Navigating the tensions of our national holiday

  • 27 January 2023
Welcome to 'Stray Thoughts', where the Eureka Street editorial team muses on ethical and social challenges we've noted throughout the week.  I have been casting about all week for an idea for this column that might avoid mention of Australia Day, that might skirt the subjects that loom at the end of January. I thought about giving some coordinates to ChatGPT, the ‘chat bot’ that has been causing consternation over these summer months. On Wednesday, as staff regathered at the school where I work, I was engaged by conversations with educators considering how they would incorporate and teach given this new technology.

But not addressing Australia Day somehow feels like squibbing it. Which is something that will be lost if we change the date of our national holiday. Which is not an argument for leaving it on 26 January, but points to the value of the current tension. A tension that exposes pain and so evinces the dark history signified by the day. But any considered celebration of Australia must take account of that shadow side of our history. It must take account of headlines that foretell grog bans in Alice Springs, fifteen years on from ‘The Intervention’.

I was at Mass yesterday amongst mostly migrants. Amongst people I know who feel a visceral gratitude for being here. Because it had become untenable to be where they were. It doesn’t do to obscure the experience of First Nations peoples by highlighting the stories of displaced peoples and refugees. But those stories are part of the tapestry of what has come from 26 January.

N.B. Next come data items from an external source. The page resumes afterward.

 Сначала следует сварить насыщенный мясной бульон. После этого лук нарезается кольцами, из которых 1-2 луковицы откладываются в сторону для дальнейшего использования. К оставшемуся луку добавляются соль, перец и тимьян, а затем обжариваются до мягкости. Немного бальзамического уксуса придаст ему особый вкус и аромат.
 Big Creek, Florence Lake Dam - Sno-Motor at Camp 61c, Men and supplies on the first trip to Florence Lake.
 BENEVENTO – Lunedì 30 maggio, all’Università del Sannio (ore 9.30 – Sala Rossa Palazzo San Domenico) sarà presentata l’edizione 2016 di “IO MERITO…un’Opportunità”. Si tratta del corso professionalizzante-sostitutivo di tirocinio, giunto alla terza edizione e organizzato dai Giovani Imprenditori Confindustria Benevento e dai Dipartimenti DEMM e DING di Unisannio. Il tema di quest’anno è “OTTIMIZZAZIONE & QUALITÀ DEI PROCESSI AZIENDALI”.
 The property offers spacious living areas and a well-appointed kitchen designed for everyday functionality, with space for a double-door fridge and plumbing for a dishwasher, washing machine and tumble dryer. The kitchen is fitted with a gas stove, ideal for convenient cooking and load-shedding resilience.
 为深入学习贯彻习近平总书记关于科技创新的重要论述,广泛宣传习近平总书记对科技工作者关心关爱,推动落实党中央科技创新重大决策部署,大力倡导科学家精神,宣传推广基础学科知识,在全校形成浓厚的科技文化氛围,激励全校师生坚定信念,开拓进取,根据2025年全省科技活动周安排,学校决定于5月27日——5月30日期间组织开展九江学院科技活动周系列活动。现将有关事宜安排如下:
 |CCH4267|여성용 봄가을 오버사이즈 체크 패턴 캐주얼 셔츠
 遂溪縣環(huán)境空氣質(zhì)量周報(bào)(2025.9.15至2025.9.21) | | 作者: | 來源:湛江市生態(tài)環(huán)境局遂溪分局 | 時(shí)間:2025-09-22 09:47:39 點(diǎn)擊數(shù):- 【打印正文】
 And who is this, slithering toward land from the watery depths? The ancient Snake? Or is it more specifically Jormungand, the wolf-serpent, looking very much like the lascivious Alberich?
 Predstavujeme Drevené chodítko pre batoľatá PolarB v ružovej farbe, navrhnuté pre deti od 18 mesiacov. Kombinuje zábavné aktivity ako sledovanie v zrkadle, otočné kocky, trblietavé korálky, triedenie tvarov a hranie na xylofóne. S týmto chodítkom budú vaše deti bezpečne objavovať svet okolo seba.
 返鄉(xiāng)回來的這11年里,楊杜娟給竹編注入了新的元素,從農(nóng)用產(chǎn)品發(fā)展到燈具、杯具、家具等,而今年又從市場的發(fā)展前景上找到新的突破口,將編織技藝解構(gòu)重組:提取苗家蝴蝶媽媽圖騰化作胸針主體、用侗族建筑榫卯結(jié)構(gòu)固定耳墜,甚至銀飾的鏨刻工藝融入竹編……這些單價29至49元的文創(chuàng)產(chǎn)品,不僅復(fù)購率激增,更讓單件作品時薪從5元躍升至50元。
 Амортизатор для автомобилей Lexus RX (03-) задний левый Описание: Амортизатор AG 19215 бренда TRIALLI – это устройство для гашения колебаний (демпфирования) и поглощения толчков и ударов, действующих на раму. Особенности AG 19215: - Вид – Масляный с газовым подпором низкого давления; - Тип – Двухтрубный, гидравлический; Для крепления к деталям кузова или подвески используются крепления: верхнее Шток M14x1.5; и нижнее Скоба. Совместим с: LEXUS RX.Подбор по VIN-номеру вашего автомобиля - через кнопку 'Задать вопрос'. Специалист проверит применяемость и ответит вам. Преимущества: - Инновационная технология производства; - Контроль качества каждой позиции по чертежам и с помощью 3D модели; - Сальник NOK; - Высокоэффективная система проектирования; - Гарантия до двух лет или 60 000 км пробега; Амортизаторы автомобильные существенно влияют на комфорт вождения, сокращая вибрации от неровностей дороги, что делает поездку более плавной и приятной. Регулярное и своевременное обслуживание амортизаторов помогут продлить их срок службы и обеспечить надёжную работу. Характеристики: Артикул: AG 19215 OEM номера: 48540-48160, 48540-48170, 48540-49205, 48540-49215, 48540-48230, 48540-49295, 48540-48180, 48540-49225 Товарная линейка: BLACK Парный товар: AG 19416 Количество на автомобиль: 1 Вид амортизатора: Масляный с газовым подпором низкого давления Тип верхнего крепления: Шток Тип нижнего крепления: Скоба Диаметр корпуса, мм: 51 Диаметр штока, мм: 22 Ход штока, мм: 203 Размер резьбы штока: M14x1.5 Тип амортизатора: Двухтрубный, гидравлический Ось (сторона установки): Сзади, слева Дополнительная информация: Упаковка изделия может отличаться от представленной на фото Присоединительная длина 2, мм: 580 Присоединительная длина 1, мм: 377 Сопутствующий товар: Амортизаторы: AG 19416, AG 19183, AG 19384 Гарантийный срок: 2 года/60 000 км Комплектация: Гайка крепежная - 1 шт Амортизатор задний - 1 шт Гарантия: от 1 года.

In a way what Australia Day now brings forth for me is mostly stray thoughts. Amidst concern for the painful experience of First Nations peoples on this day, and a desire for justice I find myself bouncing between question of moving the day, and all the strands of what the day means and represents. Considering the injustices visited upon Firsts Nations peoples. Considering what it means for my family, mostly Irish migrants from different waves through 100 odd years. The last my paternal grandfather who could not foresee much of a future in the mother country after the Second World War. Like many migrants he often pined for home but was immensely grateful for the opportunity Australia afforded.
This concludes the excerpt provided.